Your task: All of the data below should be output exactly as given.

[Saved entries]
****

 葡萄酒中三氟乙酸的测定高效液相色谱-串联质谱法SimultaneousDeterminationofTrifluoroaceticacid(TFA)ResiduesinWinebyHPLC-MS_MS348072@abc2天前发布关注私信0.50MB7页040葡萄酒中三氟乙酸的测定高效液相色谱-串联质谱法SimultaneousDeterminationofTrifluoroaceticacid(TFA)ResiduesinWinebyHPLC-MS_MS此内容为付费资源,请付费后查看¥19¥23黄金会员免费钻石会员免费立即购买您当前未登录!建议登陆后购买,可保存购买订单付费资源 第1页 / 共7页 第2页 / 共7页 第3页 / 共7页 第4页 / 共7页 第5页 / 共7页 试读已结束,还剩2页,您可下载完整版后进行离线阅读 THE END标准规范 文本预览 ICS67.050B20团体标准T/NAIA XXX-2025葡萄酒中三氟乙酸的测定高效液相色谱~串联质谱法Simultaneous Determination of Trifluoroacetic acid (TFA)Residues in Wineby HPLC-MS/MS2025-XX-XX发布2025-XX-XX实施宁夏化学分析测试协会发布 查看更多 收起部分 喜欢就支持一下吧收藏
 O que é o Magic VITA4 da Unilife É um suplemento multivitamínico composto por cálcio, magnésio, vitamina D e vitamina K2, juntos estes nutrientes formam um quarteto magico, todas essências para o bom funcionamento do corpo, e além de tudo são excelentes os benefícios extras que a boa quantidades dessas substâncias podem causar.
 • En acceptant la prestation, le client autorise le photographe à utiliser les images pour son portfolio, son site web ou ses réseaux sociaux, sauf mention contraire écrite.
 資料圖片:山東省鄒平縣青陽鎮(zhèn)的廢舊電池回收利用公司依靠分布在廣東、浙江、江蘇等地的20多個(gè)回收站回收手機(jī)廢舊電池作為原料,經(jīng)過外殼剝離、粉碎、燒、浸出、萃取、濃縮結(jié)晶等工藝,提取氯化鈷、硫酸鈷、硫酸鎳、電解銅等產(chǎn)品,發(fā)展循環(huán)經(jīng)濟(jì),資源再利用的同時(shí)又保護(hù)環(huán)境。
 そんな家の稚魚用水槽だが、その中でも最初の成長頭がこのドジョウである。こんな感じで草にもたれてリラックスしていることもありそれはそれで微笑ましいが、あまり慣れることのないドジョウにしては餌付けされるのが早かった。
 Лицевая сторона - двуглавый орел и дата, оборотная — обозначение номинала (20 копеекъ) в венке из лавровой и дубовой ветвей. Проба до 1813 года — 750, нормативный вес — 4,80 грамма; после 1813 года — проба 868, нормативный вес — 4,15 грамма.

****

Task response:
 葡萄酒中三氟乙酸的测定高效液相色谱-串联质谱法SimultaneousDeterminationofTrifluoroaceticacid(TFA)ResiduesinWinebyHPLC-MS_MS348072@abc2天前发布关注私信0.50MB7页040葡萄酒中三氟乙酸的测定高效液相色谱-串联质谱法SimultaneousDeterminationofTrifluoroaceticacid(TFA)ResiduesinWinebyHPLC-MS_MS此内容为付费资源,请付费后查看¥19¥23黄金会员免费钻石会员免费立即购买您当前未登录!建议登陆后购买,可保存购买订单付费资源 第1页 / 共7页 第2页 / 共7页 第3页 / 共7页 第4页 / 共7页 第5页 / 共7页 试读已结束,还剩2页,您可下载完整版后进行离线阅读 THE END标准规范 文本预览 ICS67.050B20团体标准T/NAIA XXX-2025葡萄酒中三氟乙酸的测定高效液相色谱~串联质谱法Simultaneous Determination of Trifluoroacetic acid (TFA)Residues in Wineby HPLC-MS/MS2025-XX-XX发布2025-XX-XX实施宁夏化学分析测试协会发布 查看更多 收起部分 喜欢就支持一下吧收藏
 O que é o Magic VITA4 da Unilife É um suplemento multivitamínico composto por cálcio, magnésio, vitamina D e vitamina K2, juntos estes nutrientes formam um quarteto magico, todas essências para o bom funcionamento do corpo, e além de tudo são excelentes os benefícios extras que a boa quantidades dessas substâncias podem causar.
 • En acceptant la prestation, le client autorise le photographe à utiliser les images pour son portfolio, son site web ou ses réseaux sociaux, sauf mention contraire écrite.
 資料圖片:山東省鄒平縣青陽鎮(zhèn)的廢舊電池回收利用公司依靠分布在廣東、浙江、江蘇等地的20多個(gè)回收站回收手機(jī)廢舊電池作為原料,經(jīng)過外殼剝離、粉碎、燒、浸出、萃取、濃縮結(jié)晶等工藝,提取氯化鈷、硫酸鈷、硫酸鎳、電解銅等產(chǎn)品,發(fā)展循環(huán)經(jīng)濟(jì),資源再利用的同時(shí)又保護(hù)環(huán)境。
 そんな家の稚魚用水槽だが、その中でも最初の成長頭がこのドジョウである。こんな感じで草にもたれてリラックスしていることもありそれはそれで微笑ましいが、あまり慣れることのないドジョウにしては餌付けされるのが早かった。
 Лицевая сторона - двуглавый орел и дата, оборотная — обозначение номинала (20 копеекъ) в венке из лавровой и дубовой ветвей. Проба до 1813 года — 750, нормативный вес — 4,80 грамма; после 1813 года — проба 868, нормативный вес — 4,15 грамма.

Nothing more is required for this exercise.